Taavi Rehemägi for Dashbird

Posted on Sep 7, 2020 • Edited on Apr 22, 2021 • Originally published at dashbird.io

Building Battle-Tested Well-Architected Apps: Learnings from Real Life

#aws #serverless

Original article here: https://dashbird.io/blog/building-battle-tested-well-architected-serverless-apps-lessons/

In this article, I'll be sharing my own lessons learned with Dashbird in building reliable Well-Architected serverless applications and the highest impact areas to focus on no matter where you are in the Serverless journey.

Using The Right AWS Services

Something that took me a long time to realize and appreciate was that it's worth investing the time to choose the right AWS services; the impacts later down the line can be huge as you scale. From my experience, the biggest factors ensuring long term performance, cost efficiency, reliability, and robustness are time spent on choosing the best services and using the best architectural patterns.

Most well-built serverless applications are like a puzzle, piecing services together by trying to see which ones fit in the most logical way. This often means that while creativity is needed so is the knowledge of what each service offers, including the compromises you'll face in exchange for their strengths. It's important therefore to identify and research all possible tools that can do the job for your application's needs. Assess latency, cost, scalability, operational overheads, and monitoring and failure scenarios for these services, and then look at the reasonable compromises you're able to make. My personal areas to review are:

Cost
Performance
How robust it is
How it scales
How quick it would be to build using that service.

So, how do I decide on these?

Well, before I look at AWS services I map out the product requirements. In my earlier and less patient days, I would have simply done a Proof of Concept (PoC) and then built as soon as possible. Today though, I properly assess the requirements and dial into areas such as the desired latency and expected amount of requests, which often helps make my decision for me. For example, if I need sub-5ms latency which is non-negotiable, this would limit the services I'm able to use and also has knock-on effects on the choice of data storage.

There are a few common service choice dilemmas that I often see come up too so these are my thoughts.

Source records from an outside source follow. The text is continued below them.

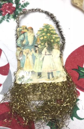 VTG Antique German Die Cut embossed Scrap Tinsel Christmas Ornament Santa Kids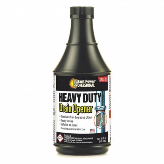 Heavy Duty Drain Opener Instant Power ProfessionalInstant Power Scotch Instant Power Drain Opener Our instant power hair & grease® drain opener is the solution for the most common drain stoppages. Pour 4 ounces into all your drains and let it sit. Powerful dual hydroxide formula dissolves hair and creates heat to melt grease. 15x more effective than legacy drain openers; This drain opener generates heat to melt and dissolve materials that clog up. Scotch Instant Power Drain Opener.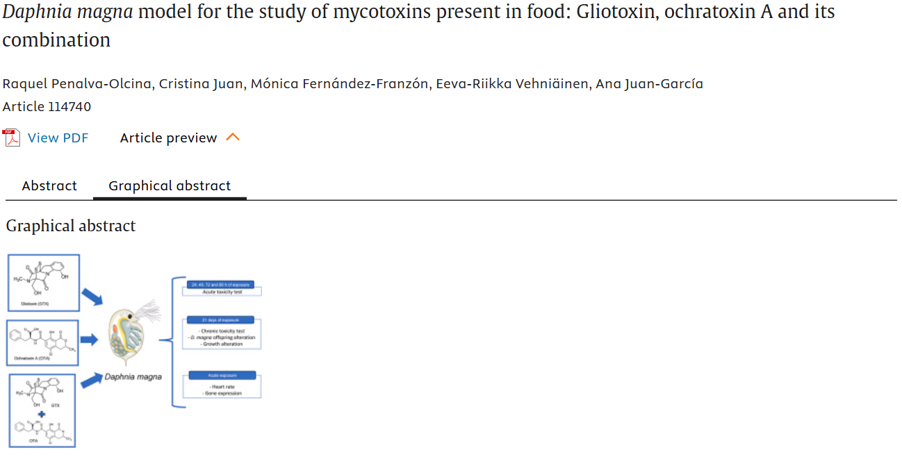 概述:根据OECD202和211指南构建大溞模型测试胶粘毒素和赭曲霉素A的毒性作用,结果显示两种毒素对人类健康可能构成威胁。

When it comes to databases, there is a vast choice so I would recommend any developer to think deeply about this.
When it comes to API Gateway versus Application Load Balancer, I see: specificity and plenty of capability versus simpler, quicker and cheaper. It's important to remember that the latter doesn't necessarily make a bad choice or service.
For the compute platform, it doesn't always need to be Lambda. Things can be serverless and not use Lambda. The compute platform is undeniably an important area to navigate and assess according to your own requirements each time. For example, for high scale data processing, things are less abstracted.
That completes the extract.